The cliffside began to crumble under the gargantuan’s weight, but it kept digging deeper, pulling itself higher as boulders crashed into the ocean below. The dragoons turned their fire toward it, needing no order to prioritize such a terrifying monstrosity. Fire, lightning, and stone struck its arms and sides, sending showers of frost flying in small white puffs. They were but bee stings, inconveniences as the iceborn climbed, and cli
mbed, until it reached the castle and the dragoons stationed atop.
It took less than a minute for the iceborn to smash the ancient fortress to the ground. Its four arms thrashed and grabbed, walls crumbled by its strength, towers collapsed like they were made of glass instead of centuries-old stone. Alexander watched it all with newfound horror in his gut and tears threatening his eyes. The ice of the creature’s face split wide, giving it a mouth with which to speak. The creature’s voice thundered across the countryside like a volcanic eruption.
YOU ARE CHILDREN WITH TOYS. BREAK THEM. BREAK THEM ALL.
The entire cliff collapsed, castle and iceborn crumbling together to the ocean. The iceborn’s laughter was still audible over the roar of the stone and the splash of the water.
Alexander climbed down from the dragoon, his hands shaking and his knees weak. The plan had been to retreat to the castle should the battle turn ill, but there would be no retreat. There was no castle. The gargantuan iceborn had crushed it to rubble with its mere fists. The soldiers had lost the stone barricade along the beachhead, forced to engage in scattered duels without shield brothers to rely upon. The stoneborn had stopped flinging demons and instead were throwing enormous chunks of ice and stone at the Seraphim in the sky, scattering them out of their tight formations.
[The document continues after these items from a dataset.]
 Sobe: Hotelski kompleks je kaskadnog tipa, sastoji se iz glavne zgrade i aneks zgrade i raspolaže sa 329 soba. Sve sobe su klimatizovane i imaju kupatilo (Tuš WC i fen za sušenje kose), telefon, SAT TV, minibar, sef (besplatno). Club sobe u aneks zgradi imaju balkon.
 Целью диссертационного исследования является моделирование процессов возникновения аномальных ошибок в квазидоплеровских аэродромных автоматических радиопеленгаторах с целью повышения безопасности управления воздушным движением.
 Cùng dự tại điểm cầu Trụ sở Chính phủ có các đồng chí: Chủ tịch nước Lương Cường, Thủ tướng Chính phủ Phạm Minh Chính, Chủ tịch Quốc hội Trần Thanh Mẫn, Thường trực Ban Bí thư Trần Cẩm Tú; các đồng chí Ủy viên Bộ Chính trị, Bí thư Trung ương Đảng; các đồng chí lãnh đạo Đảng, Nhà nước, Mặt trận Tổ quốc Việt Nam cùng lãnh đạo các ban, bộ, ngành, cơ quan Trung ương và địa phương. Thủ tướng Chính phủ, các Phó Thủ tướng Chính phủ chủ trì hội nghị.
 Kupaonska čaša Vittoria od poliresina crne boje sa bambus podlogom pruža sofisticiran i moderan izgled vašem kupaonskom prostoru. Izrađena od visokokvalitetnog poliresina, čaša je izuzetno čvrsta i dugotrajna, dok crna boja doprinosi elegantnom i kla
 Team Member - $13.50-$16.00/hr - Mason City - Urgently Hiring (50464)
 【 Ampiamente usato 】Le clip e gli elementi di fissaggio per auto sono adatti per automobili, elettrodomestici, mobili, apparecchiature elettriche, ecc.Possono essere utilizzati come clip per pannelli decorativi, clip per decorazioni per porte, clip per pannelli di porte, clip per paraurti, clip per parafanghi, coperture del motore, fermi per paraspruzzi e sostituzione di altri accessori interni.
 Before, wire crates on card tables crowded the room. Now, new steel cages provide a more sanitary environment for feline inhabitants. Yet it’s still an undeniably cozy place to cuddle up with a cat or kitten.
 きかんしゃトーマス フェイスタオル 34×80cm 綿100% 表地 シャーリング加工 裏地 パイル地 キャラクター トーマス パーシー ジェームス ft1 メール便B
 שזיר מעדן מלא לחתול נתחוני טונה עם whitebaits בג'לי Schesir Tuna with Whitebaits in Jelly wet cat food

No hope left. The battle was lost. Alexander reached into his pocket and pulled out a heavy gold cylinder. He twisted off the top, then pushed the bottom, connecting the light element inside to the many wires built into the cylinder. A thick beam of light focused by a series of mirrors across the top shone into the air. Alexander held the light aloft, waiting. Within moments one of the golden wings curled his way, a Seraph coming to answer his summons.
“Our forces are broken,” First Seraph Kaster said, landing before the Lord Commander on one knee. “What are your orders?”